6 Anthony Street

6 Anthony Street. [2008, Dunlap]


Ça Me Suffit. In 1969, Resia Schor, an artist herself and the widow of the artist Ilya Schor, bought this house, which was constructed around 1800, for her and her daughters Naomi and Mira. She called it “Ça Me Suffit” — “It is enough for me.” Resia worked in the oldest part of the house, a former fish shack, making jewelry and sculpture. Mira painted upstairs in a small room with seashell-patterned wallpaper from the ’50s. Naomi, a noted scholar who died in 2001, worked in an upstairs room with a bay view. After Resia died in 2006, Mira began drawing in her mother’s studio, which she said “proved to be an engine for new work.” Resia and Ilya are buried in Town Cemetery, under a somber but strikingly Modernist tombstone.


Mira, Resia, and Naomi Schor at 6 Anthony Street in 1970. [Courtesy of Mira Schor]


Resia and Mira Schor’s studio. [2012, Dunlap]

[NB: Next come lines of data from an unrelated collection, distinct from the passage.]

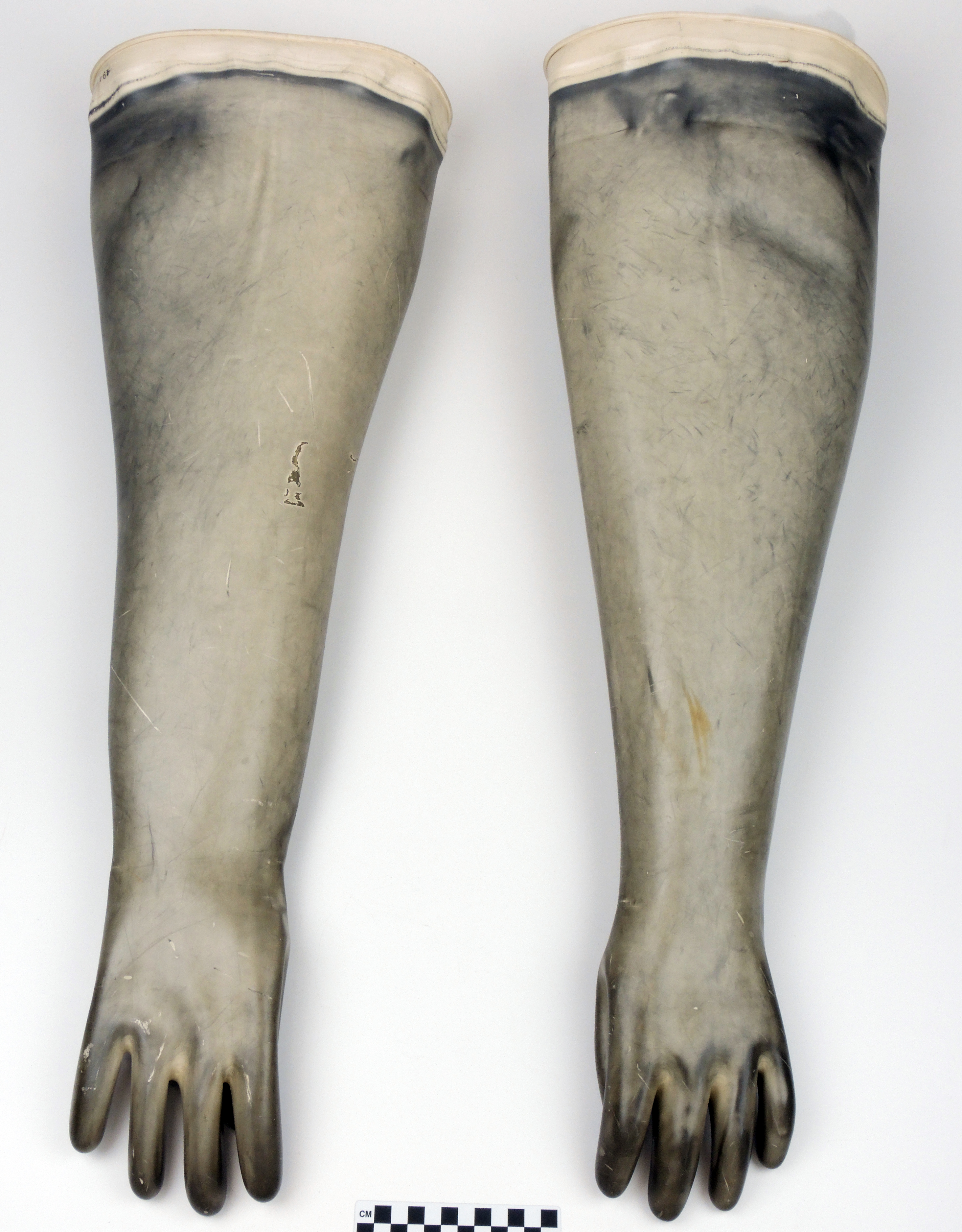Anti-Contamination Gloves like these were used by Rocky Flats workers in Colorado during the Cold War period between 1947–1991. And of course, the totally gnarly Dr. Brenner and his colleagues at the Hawkins Lab. You can see these gloves in person at History Colorado Center, also part of the Zoom In exhibition. Radical!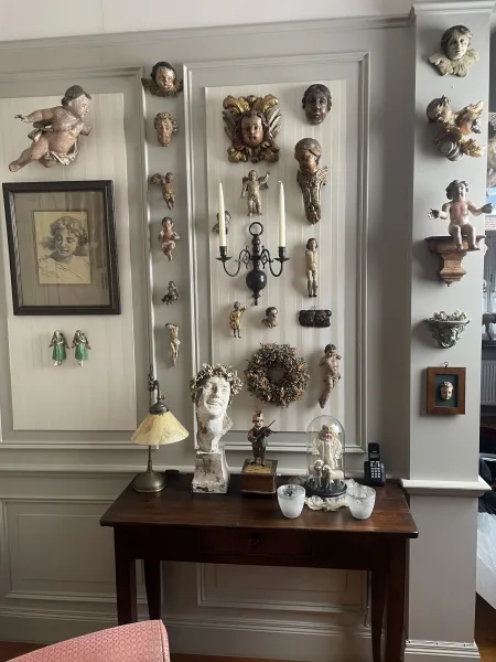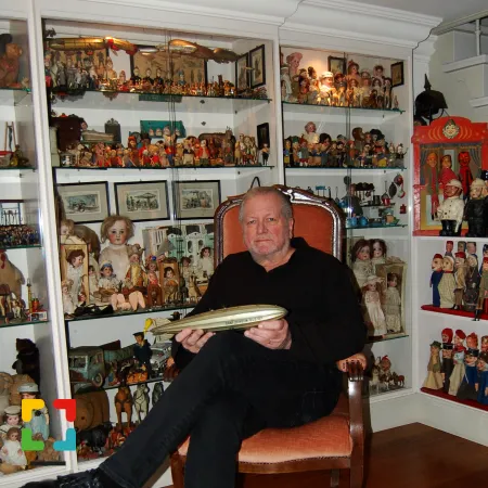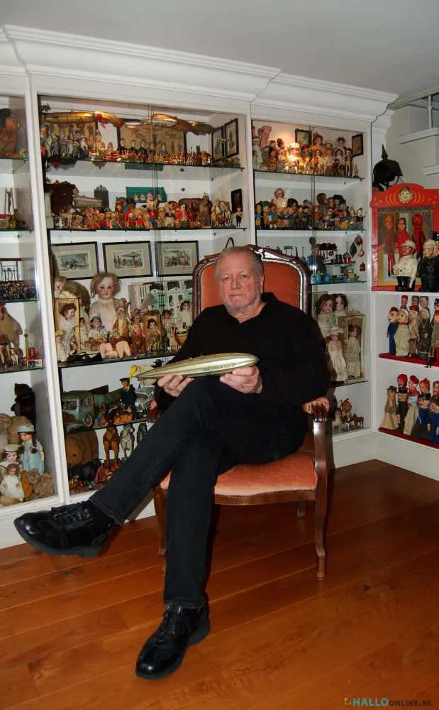 In huize Simons tref je nagenoeg in iedere ruimte attributen aan uit Wims verzamelingen. Op de vloer, op kasten, tafels en aan de wand. Toch is de woning aan de Kloosterstraat geen volgestouwd minimuseum. Er blijft genoeg leefruimte over en dat is ook de bedoeling. Materiaal uit de jaren twintig en dertig van de vorige eeuw, waaronder veel speelgoed, is duidelijk favoriet. De grote vitrinekast in de voormalige opkamer staat barstensvol poppen, beren, tinnen soldaatjes, blikken speelgoed en zelfs mini zeppelins ontbreken niet. “Dat vooroorlogse speelgoed is ook zó mooi”, zegt Wim. “Het is héél vakkundig en met een goed gevoel voor vorm gemaakt. Vaak prachtig handbeschilderd en de mechaniek is technisch erg goed.”
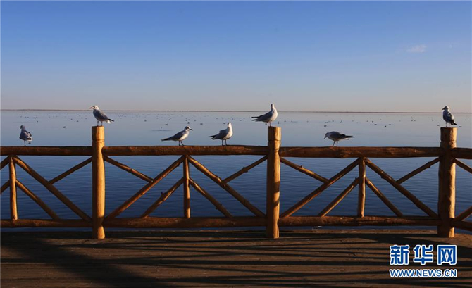 这是10月12日拍摄的栖息在居延海岸边的鸟群。 新华社记者 安希雅 摄
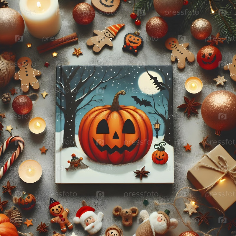 Праздничное Рождество и Хэллоуин детская книга, Ai created image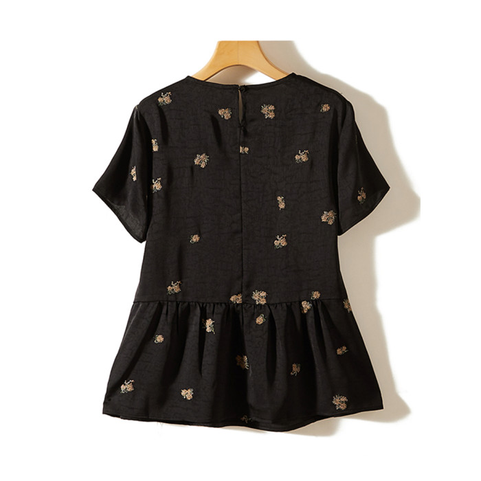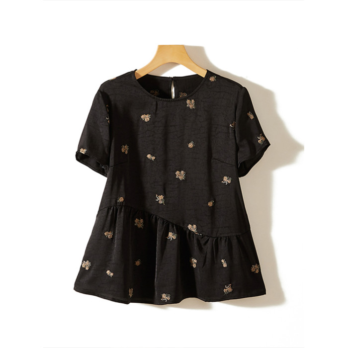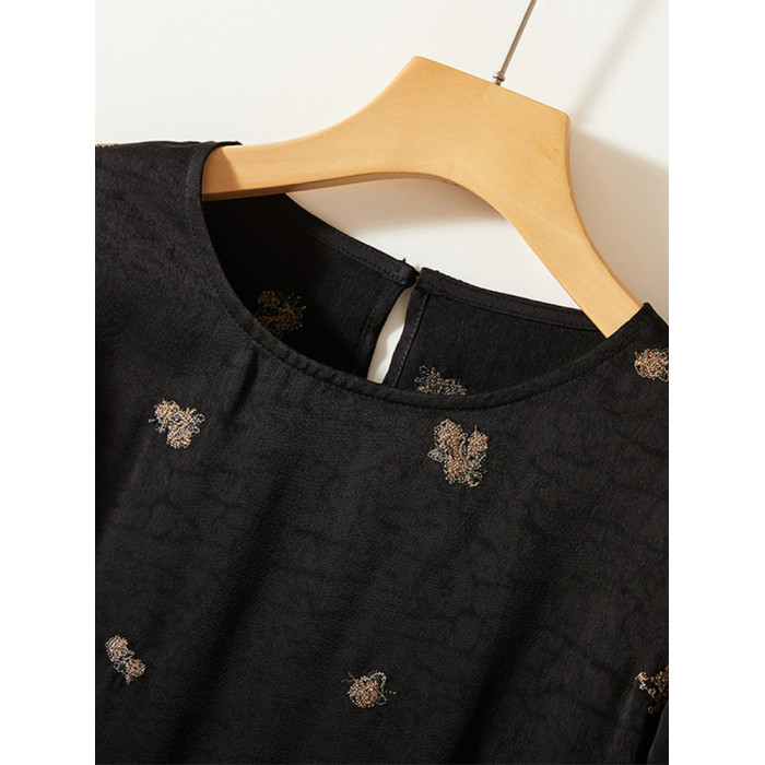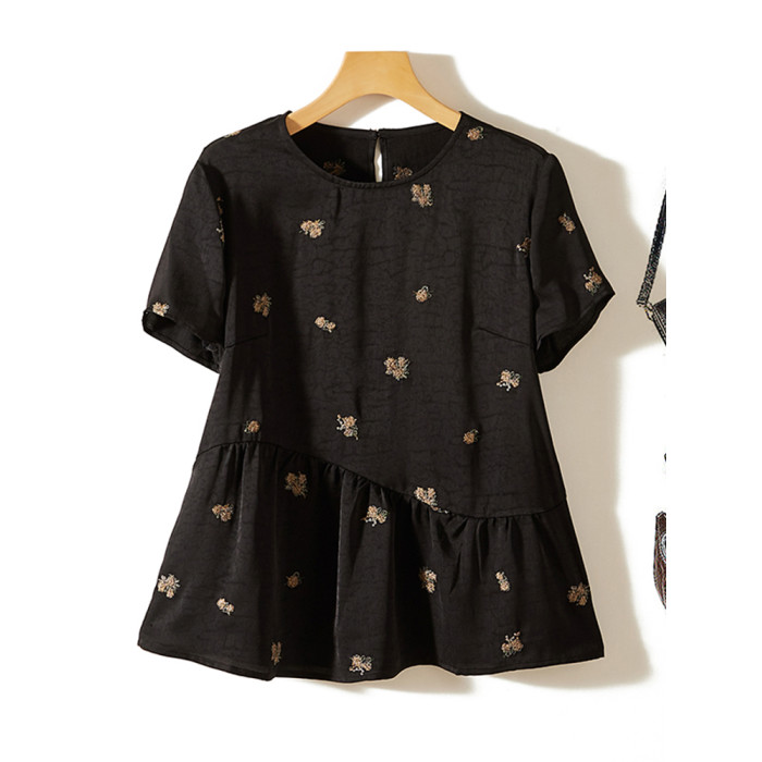 【高級輕奢】小香風金絲碎花醋酸打底衫女小裙擺寬松休閒娃娃衫夏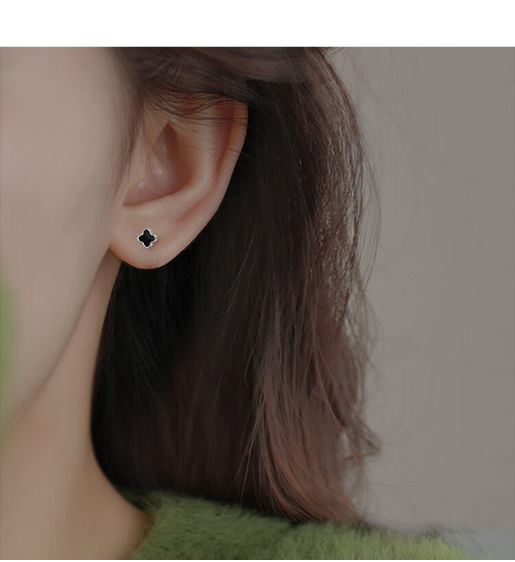 999 pure silver love four-leaf clover earrings, high-end and versatile sterling silver earrings, Chinese Valentine's Day gift for girlfriend, round earrings + brand gift box + certificate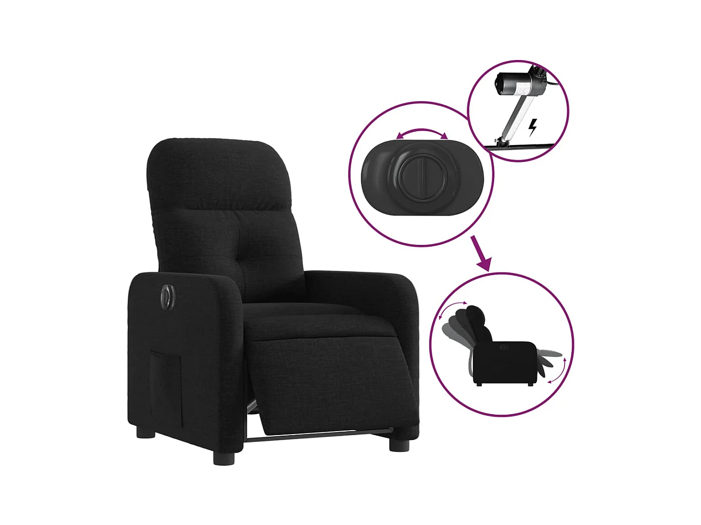 Poltrona reclinável elevatória elétrica tecido preto PT885370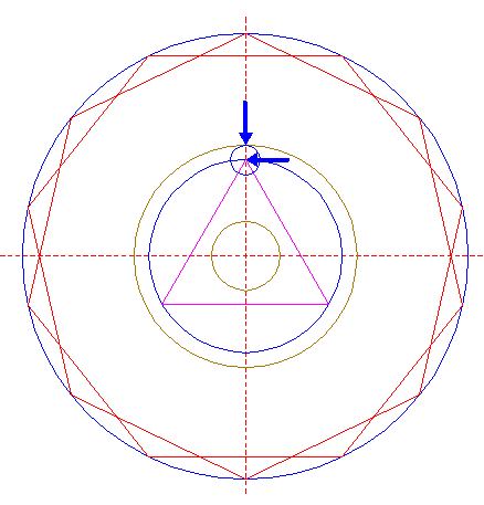 | Copy circle 11 to the upper intersection of circle 1 and the vertical centerline.

Bargeboard. [2012, Dunlap]


Main house. [2012, Dunlap]


David MacIntyre wrote on 15 September 2014: The reason for the “somber” gravestone, presumably, is that Jewish tradition calls for a minimum of fanciness in the burial of a body. That would include the least expensive wooden coffin, and a minimum of grave decoration. Since these two ladies were artists, maybe it was “modern,” but the engraving of a Hebrew name, Israel ben Naftali, on Ilya Schor’s gravestone suggests to me the family may have been quite observant. That’s why I suggest Jewish tradition as the reason for the rather plain stone.


6 Anthony Street on the Town Map, showing property lines.


¶ Last updated in 2015.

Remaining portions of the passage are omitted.